Text
Peraturan perundang-undangan hak cipta, paten dan merek
Sebagaimana diketahui pada akhir Maret 1997 produk perundangan di bidang HAKI (Hak Atas Kekayaan Intelektual), yakni UU Hak Cipta, UU Paten, dan UU Merek telah disempurnakan dan disesuaikan dengan kesepakatan GATT (Perjanjian Umum tentang Tarif dan Perdagangan) yang sudah diratifikasi oleh 108 negara termasuk Indonesia. Selain itu, Pemerintah Indonesia akan menyiapkan UU tentang rahasia dagang (Trade Secrets) desain produk industri (Industrial Designs), dan lingkaran Elektronika Terpadu (Integrated Circuit/IC). untuk menghadapi dunia globalisasi ekonomi yang akan disongsong pada tahun 2000.
Sebagai negara berkembang yang berhasil mengembangkan industri, Indonesia wajib menghormati tata krama sistem perdagangan internasional. Karena itu konsekuensi persetujuan GATT juga harus diindahkan oleh Negara Indonesia.
Penyesuaian Perundangan HAKI dengan kesepakatan GATT meliputi jangka waktu perlindungan terhadap paten dan hak cipta. Pada UU Paten, Pemerintah memberi perlindungan terhadap paten selama 14 tahun dan bisa diperpanjang satu kali selama dua tahun. Padahal dalam GATT, perlindungan terhadap paten minimum diberikan 20 tahun.
Demikian juga penyesuaian yang dilakukan terhadap UU Hak Cipta yang memberikan perlindungan terhadap karya cipta selama 25 tahun, sementara kesepakatan GATT ditetapkan minimum 50 tahun.

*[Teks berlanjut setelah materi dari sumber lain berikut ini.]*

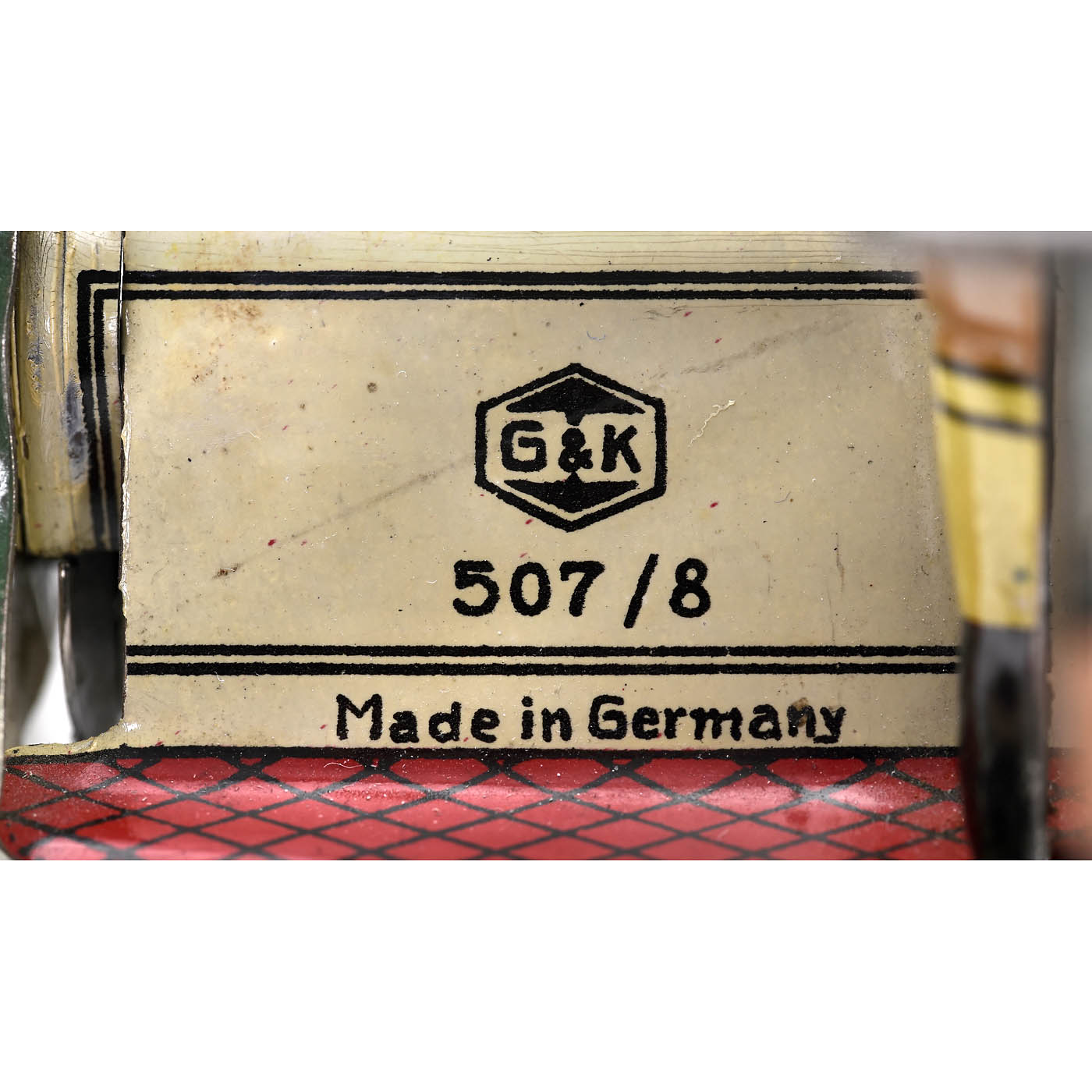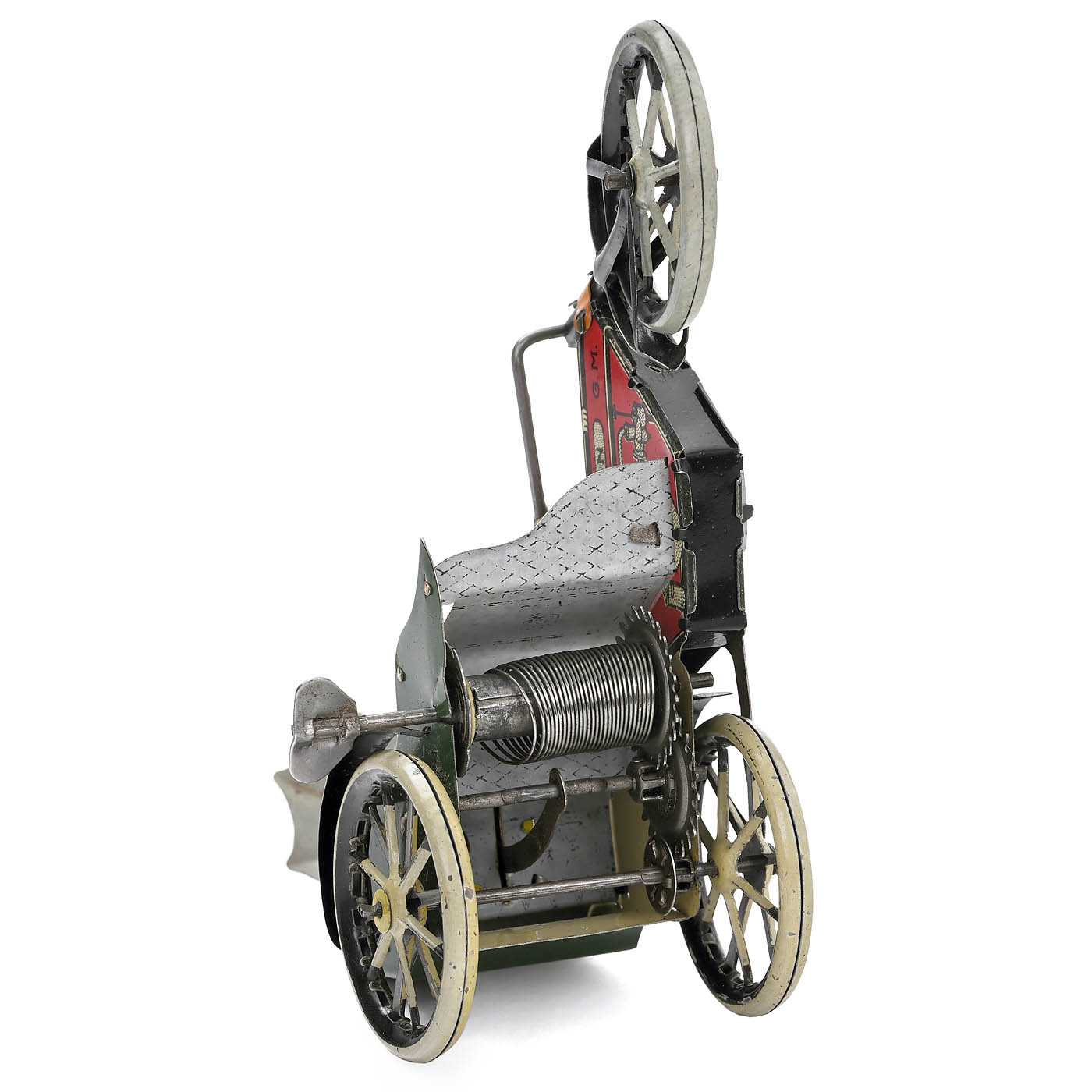 No. 507/8, Gundka Werke, Brandenburg, Germany, early clockwork lithographed tinplate toy, featuring a uniformed driver and female passenger with moving parasol, length 6 ¼ in., driver’s left arm replaced, otherwise in excellent working original condition. – This motorcycle toy is based on the Cyclon Racing Motorcycle produced 1912–1917 by the Joerns Motor Manufacturing Company, USA. Extremely rare!
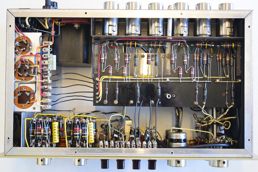 左より、高圧B電源初段φ25、低圧ヒータ用φ35、高圧セレン、イコライザー初段カップリング0.1uF/400V2本、同イコライザー最終段カソードフォロア後カップリング0.47uF/200V2本。
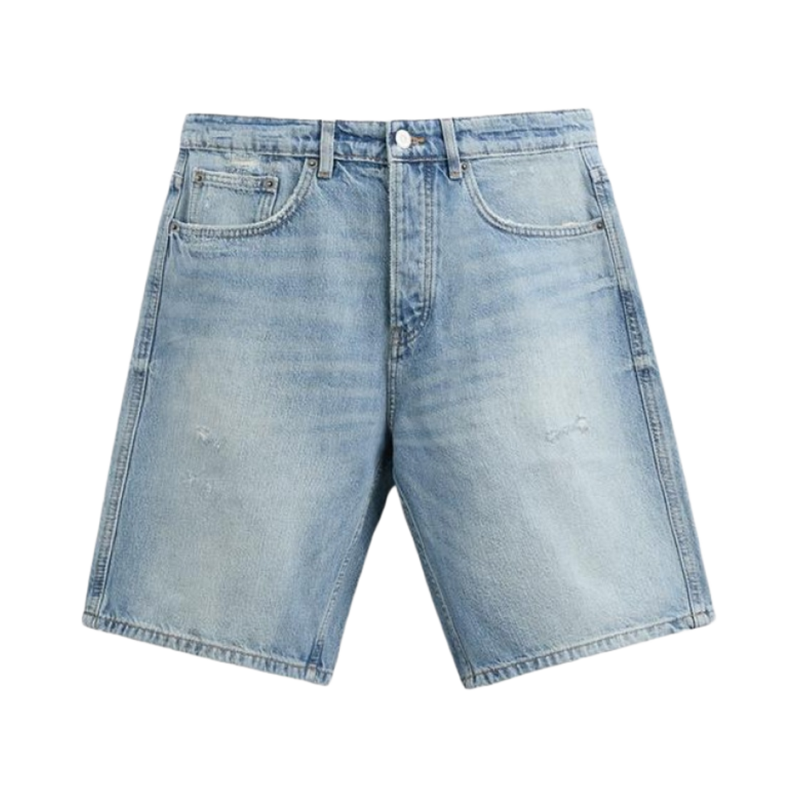 자라 스트레이트 핏 데님 버뮤다 팬츠 미디움 블루
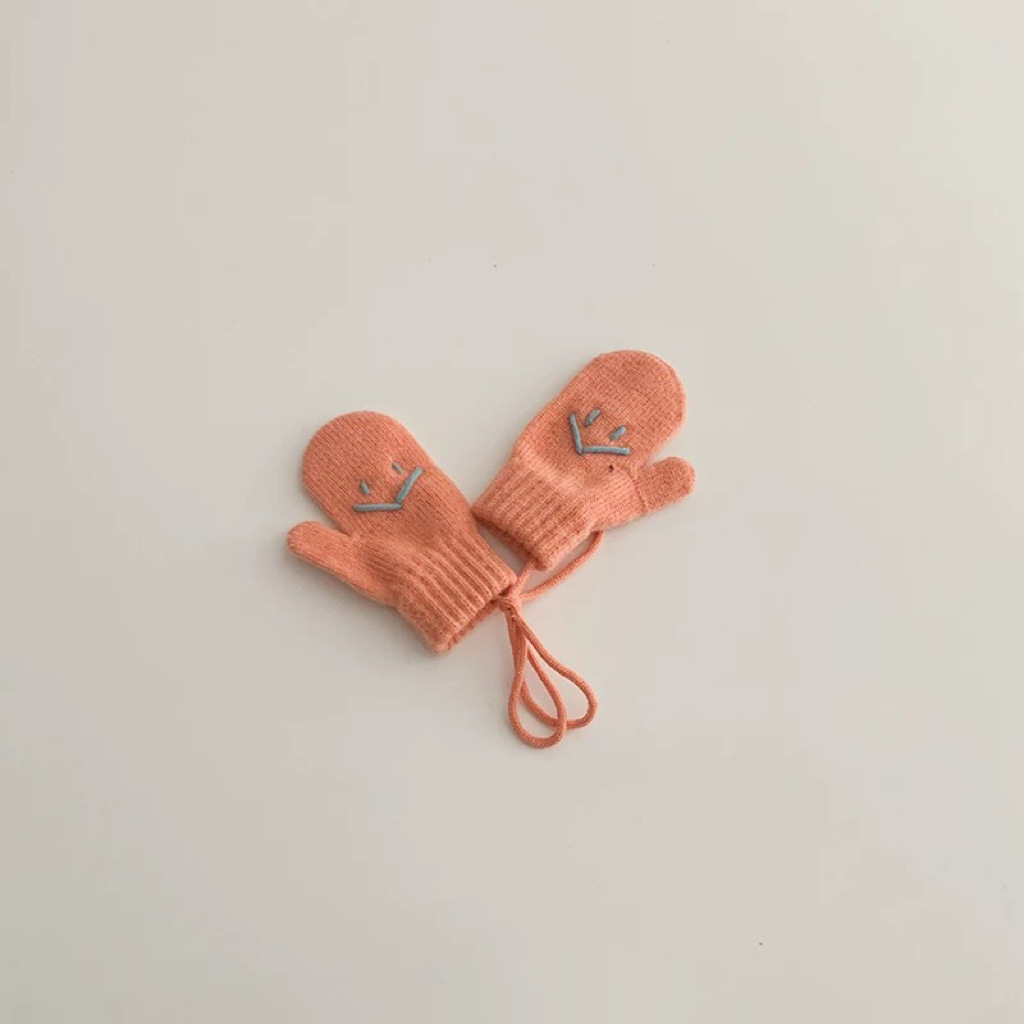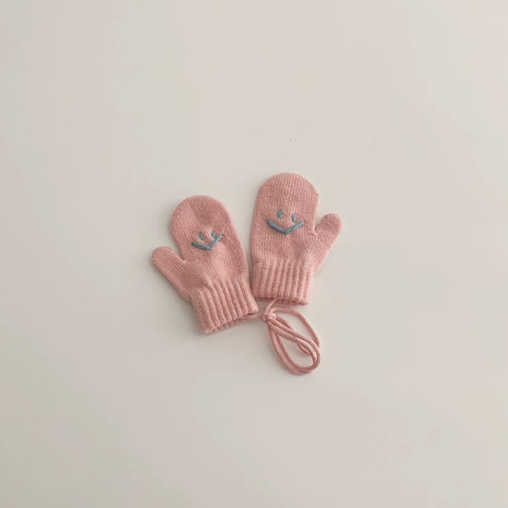 가을과 겨울 새로운 한국 스타일 어린이 웃는 얼굴 장갑 목에 매달려 따뜻한 겨울 아기 여행 서양식 장갑
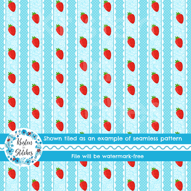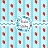 Sweet Lace Strawberry Stripes Seamless Pattern, Red and Blue
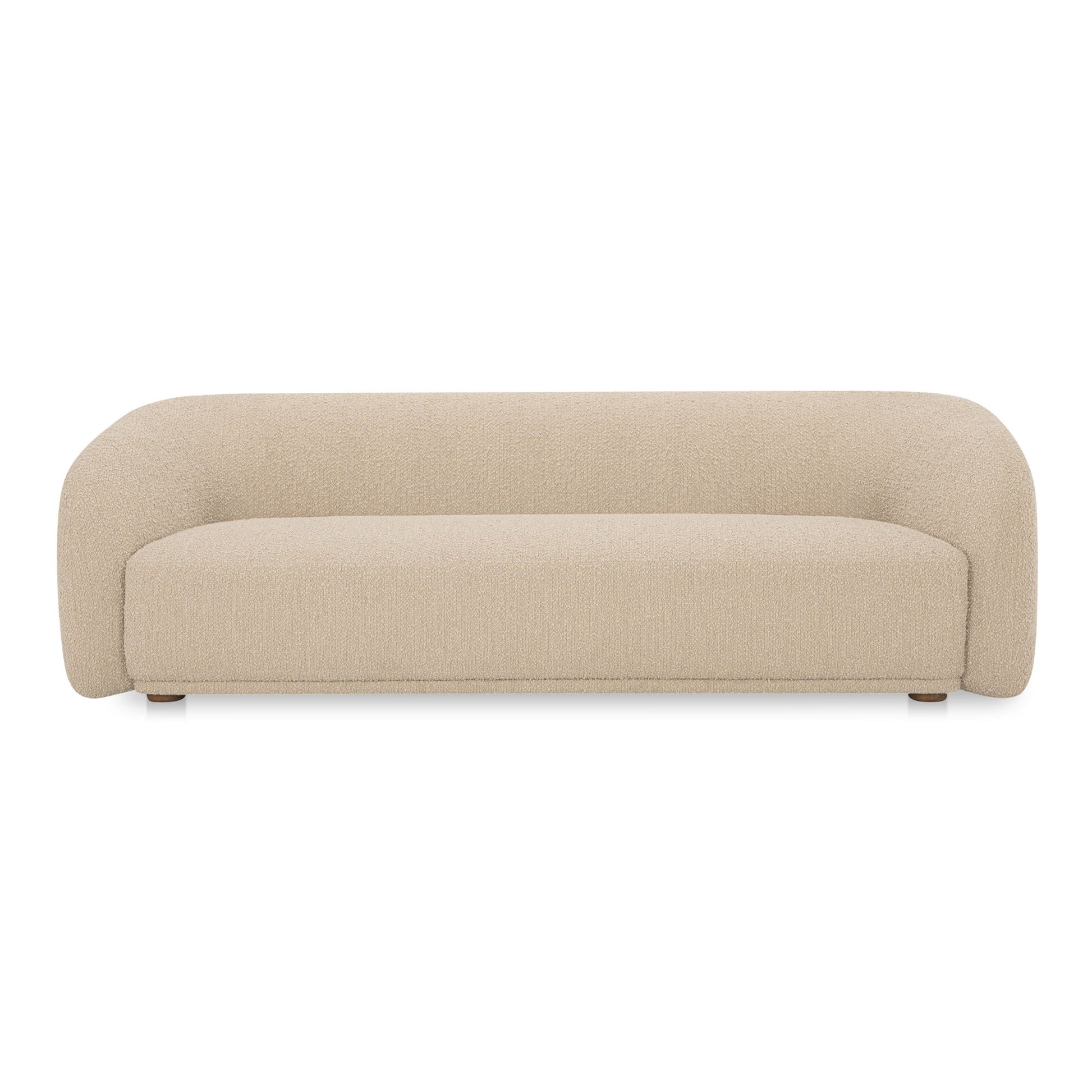 Constructed from solid beech and plywood, the Faye sofa's unique curved back and firm, fixed bench seat rest on petite, rounded rubberwood legs. The exaggerated boucle fabric has a robust 100,000 rub count bringing depth and an art deco feel to its contemporary form--a touch of elegance to expansive living.

Ketiadaan kesamaan jangka waktu dalam perlindungan hukum jelas tidak akan mengakibatkan adanya harmonisasi hukum diantara negara-negara peserta GATT. Karena suatu karya ataupun suatu invention yang seharusnya di negara penemu akan diproteksi jangka waktu yang lebih lama, akan tetapi bilamana berhadapan dengan negara yang jangka waktu proteksinya lebih minim, maka suatu karya atau invention akan diperlakukan sama dengan negara yang ditujunya. Sebab negara yang akan dituju akan menganggap bahwa adanya National Treatment dalam hal ini.